→ PROBLEM TO WORK ON
Produce as output only the lines below starting at the line with "Światowy Dzień Ziemi" and continuing through the line with "least some employers.", each one exactly as written.

→ DATA PROVIDED
-- Opening Marker --

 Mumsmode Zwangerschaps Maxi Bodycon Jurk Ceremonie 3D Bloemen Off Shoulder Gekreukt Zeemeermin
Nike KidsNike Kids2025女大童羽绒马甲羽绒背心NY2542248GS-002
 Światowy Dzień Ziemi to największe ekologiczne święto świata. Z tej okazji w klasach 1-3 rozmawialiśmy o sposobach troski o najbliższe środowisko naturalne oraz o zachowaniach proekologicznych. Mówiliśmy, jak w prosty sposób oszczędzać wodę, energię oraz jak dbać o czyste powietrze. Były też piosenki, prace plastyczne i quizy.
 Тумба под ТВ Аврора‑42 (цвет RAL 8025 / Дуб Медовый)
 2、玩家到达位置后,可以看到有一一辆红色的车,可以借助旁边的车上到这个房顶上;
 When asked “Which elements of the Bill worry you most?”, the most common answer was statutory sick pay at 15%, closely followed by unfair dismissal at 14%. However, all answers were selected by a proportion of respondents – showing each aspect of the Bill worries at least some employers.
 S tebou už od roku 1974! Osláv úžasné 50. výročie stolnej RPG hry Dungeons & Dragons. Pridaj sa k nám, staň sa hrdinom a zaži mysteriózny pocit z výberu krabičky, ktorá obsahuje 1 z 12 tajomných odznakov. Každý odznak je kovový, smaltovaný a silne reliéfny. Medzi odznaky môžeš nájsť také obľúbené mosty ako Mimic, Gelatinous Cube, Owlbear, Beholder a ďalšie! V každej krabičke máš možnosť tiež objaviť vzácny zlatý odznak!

-- Closing Marker --
-- Opening Marker --

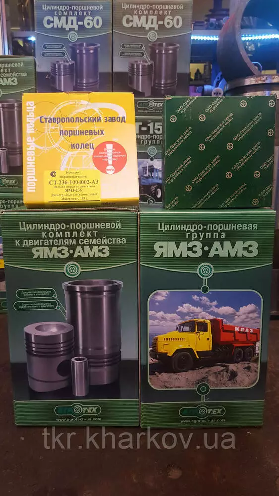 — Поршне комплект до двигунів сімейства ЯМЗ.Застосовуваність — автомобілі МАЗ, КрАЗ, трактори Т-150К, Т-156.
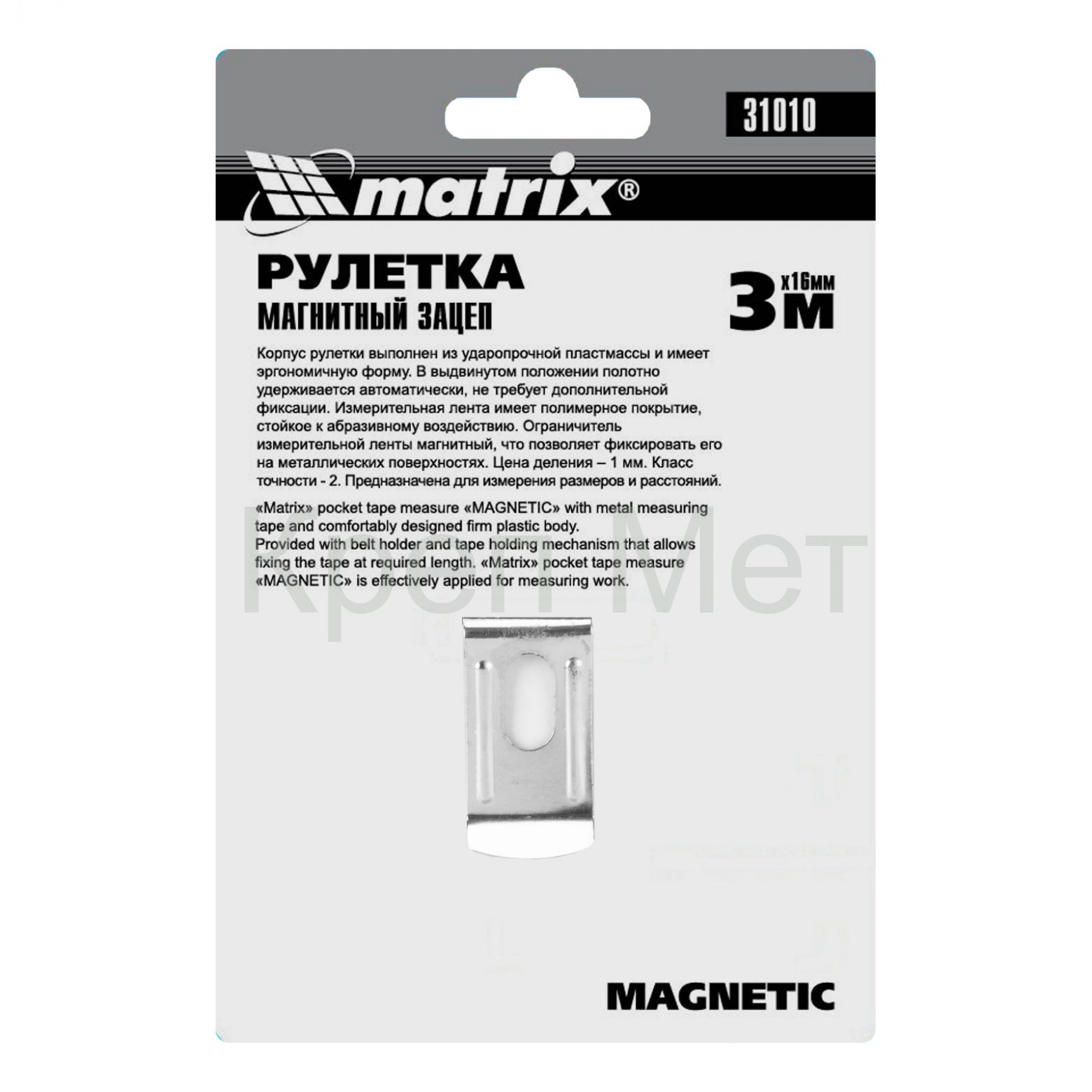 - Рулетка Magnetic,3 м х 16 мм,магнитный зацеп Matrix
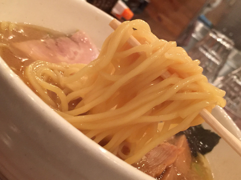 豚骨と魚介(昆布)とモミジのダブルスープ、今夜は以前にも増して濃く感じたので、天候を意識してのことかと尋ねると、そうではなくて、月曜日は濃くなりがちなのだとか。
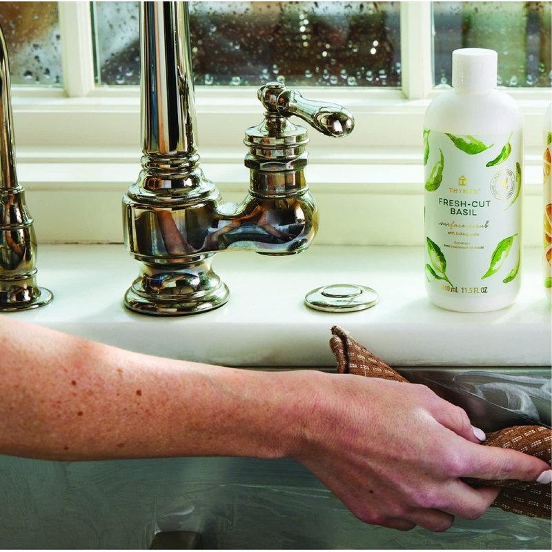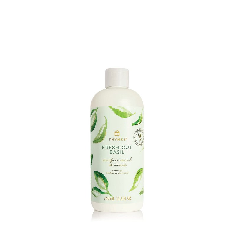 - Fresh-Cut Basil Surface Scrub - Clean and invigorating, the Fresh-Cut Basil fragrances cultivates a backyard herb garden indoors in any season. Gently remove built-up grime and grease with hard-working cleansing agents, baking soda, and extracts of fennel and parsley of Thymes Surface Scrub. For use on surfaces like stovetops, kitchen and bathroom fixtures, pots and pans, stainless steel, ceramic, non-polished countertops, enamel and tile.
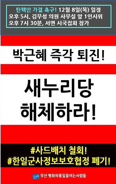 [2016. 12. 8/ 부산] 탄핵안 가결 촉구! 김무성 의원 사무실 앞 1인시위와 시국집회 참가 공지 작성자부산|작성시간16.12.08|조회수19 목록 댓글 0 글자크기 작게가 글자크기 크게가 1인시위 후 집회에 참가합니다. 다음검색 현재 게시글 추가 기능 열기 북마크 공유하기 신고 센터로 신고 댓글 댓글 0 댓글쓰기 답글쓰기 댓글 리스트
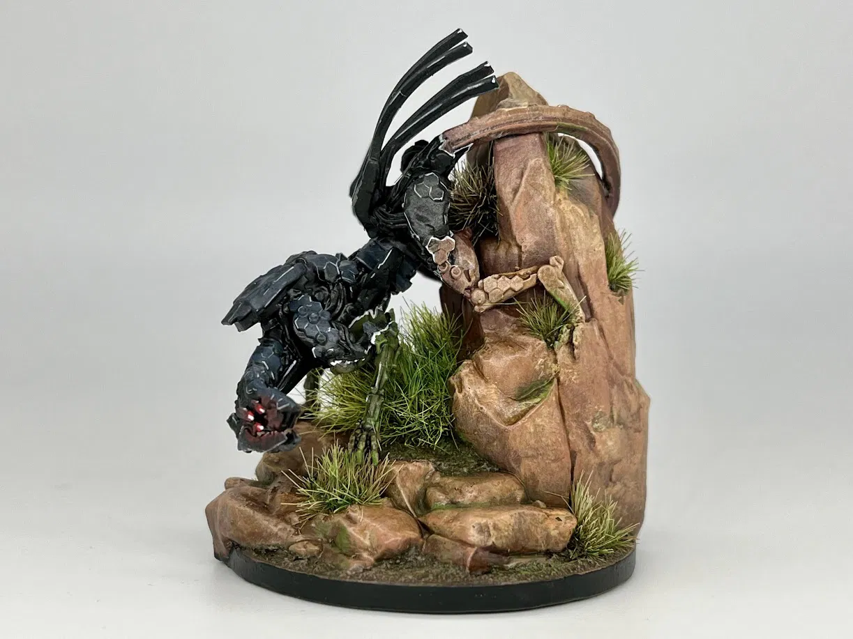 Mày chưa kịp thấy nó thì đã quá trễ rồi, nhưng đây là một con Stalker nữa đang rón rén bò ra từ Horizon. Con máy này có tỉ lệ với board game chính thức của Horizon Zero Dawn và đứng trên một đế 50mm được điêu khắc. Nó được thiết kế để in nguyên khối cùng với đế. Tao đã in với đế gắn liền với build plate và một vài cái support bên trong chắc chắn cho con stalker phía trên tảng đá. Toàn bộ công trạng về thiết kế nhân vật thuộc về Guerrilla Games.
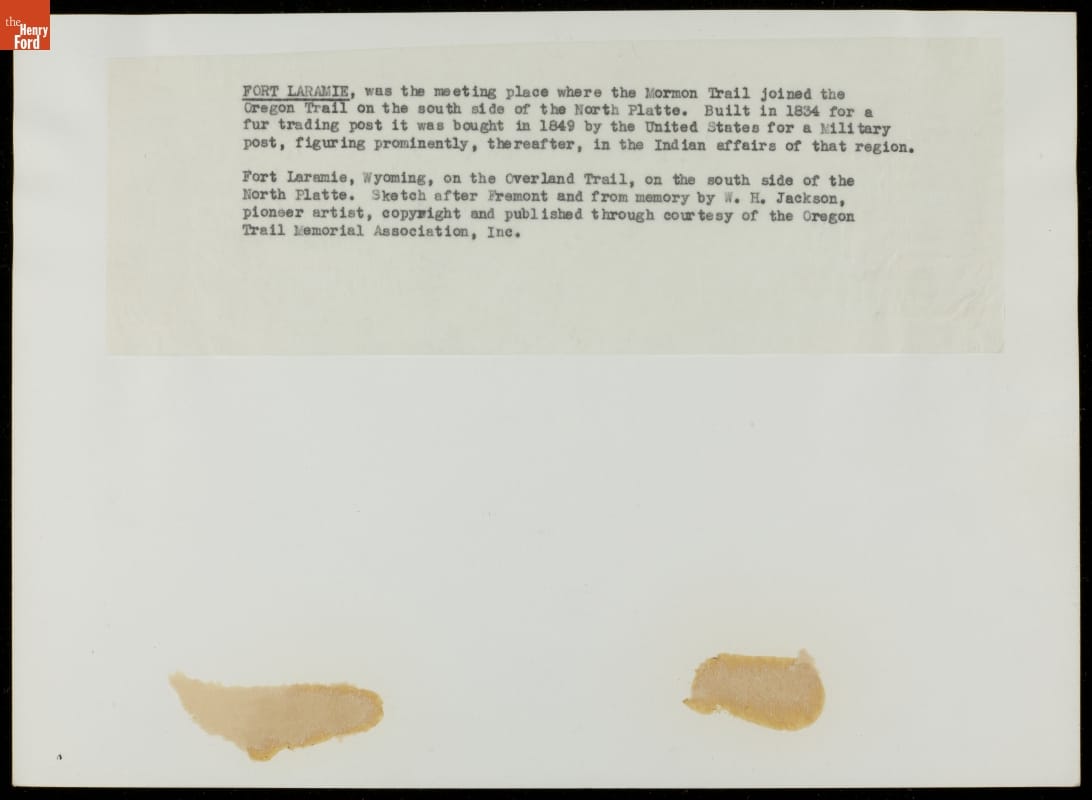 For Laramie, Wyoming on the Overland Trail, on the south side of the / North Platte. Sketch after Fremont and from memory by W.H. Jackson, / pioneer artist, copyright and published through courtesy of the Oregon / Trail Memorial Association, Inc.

-- Closing Marker --

→ OUTPUT OF THE EXERCISE
 Światowy Dzień Ziemi to największe ekologiczne święto świata. Z tej okazji w klasach 1-3 rozmawialiśmy o sposobach troski o najbliższe środowisko naturalne oraz o zachowaniach proekologicznych. Mówiliśmy, jak w prosty sposób oszczędzać wodę, energię oraz jak dbać o czyste powietrze. Były też piosenki, prace plastyczne i quizy.
 Тумба под ТВ Аврора‑42 (цвет RAL 8025 / Дуб Медовый)
 2、玩家到达位置后,可以看到有一一辆红色的车,可以借助旁边的车上到这个房顶上;
 When asked “Which elements of the Bill worry you most?”, the most common answer was statutory sick pay at 15%, closely followed by unfair dismissal at 14%. However, all answers were selected by a proportion of respondents – showing each aspect of the Bill worries at least some employers.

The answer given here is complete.